Yes, it does, but you can modify.  The advantage to piling all the mushrooms, sweet onion and bell pepper on top is not only that it moistens the chicken, but if someone does not like one or all of the stuff on top, it can be scraped away.  Remember, the potatoes are underneath and separate.


----------



## Andy M. (May 22, 2011)

pmeheran said:


> Yes, it does, but you can modify.  The advantage to piling all the mushrooms, sweet onion and bell pepper on top is not only that it moistens the chicken, but if someone does not like one or all of the stuff on top, it can be scraped away.  Remember, the potatoes are underneath and separate.



The dish sound tasty.  I was just thinking some people expect chicken on the grill to have a nice brown crispy skin.  Not being critical of your recipe.  Just wanted to be sure I understood.


----------



## pmeheran (May 22, 2011)

Andy M. said:


> The dish sound tasty.  I was just thinking some people expect chicken on the grill to have a nice brown crispy skin.  Not being critical of your recipe.  Just wanted to be sure I understood.
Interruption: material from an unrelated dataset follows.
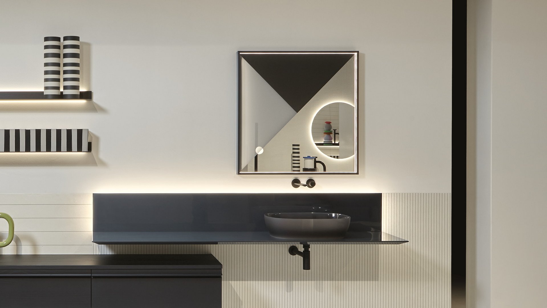 METRICA 具有通過三角形疊加獲得的節(jié)奏結(jié)構(gòu)。黑色和煙色玻璃與鏡面交替,營(yíng)造出詩(shī)意的視覺構(gòu)圖。METRICA 的結(jié)構(gòu)將節(jié)奏方面延伸到承載它的建筑結(jié)構(gòu),產(chǎn)生了正式的作曲對(duì)話。

Maybe you are just reading too quickly.  Since it it is in a pan and has liquid around it, it will be braised not grilled.  I put it on the unheated side to control the rate of cooking better.  I cook most of the year outside on the grill because our south texas climate is abominably hot and humid and last but not least it costs too much to air condition while cooking.  For example Dallas is 479 miles north east of us.


----------



## Andy M. (May 22, 2011)

pmeheran said:


> Maybe you are just reading too quickly.  Since it it is in a pan and has liquid around it, it will be braised not grilled...




I did understand that.  What I was trying to say is that people expect foods cooked on a grill to be crispy and browned, not braised.  

Really the difference is that you're using a gas grill as an outdoor oven. I've done that too.  Nothing wrong with it.  Makes sense not to heat up the house any more than you have to.


----------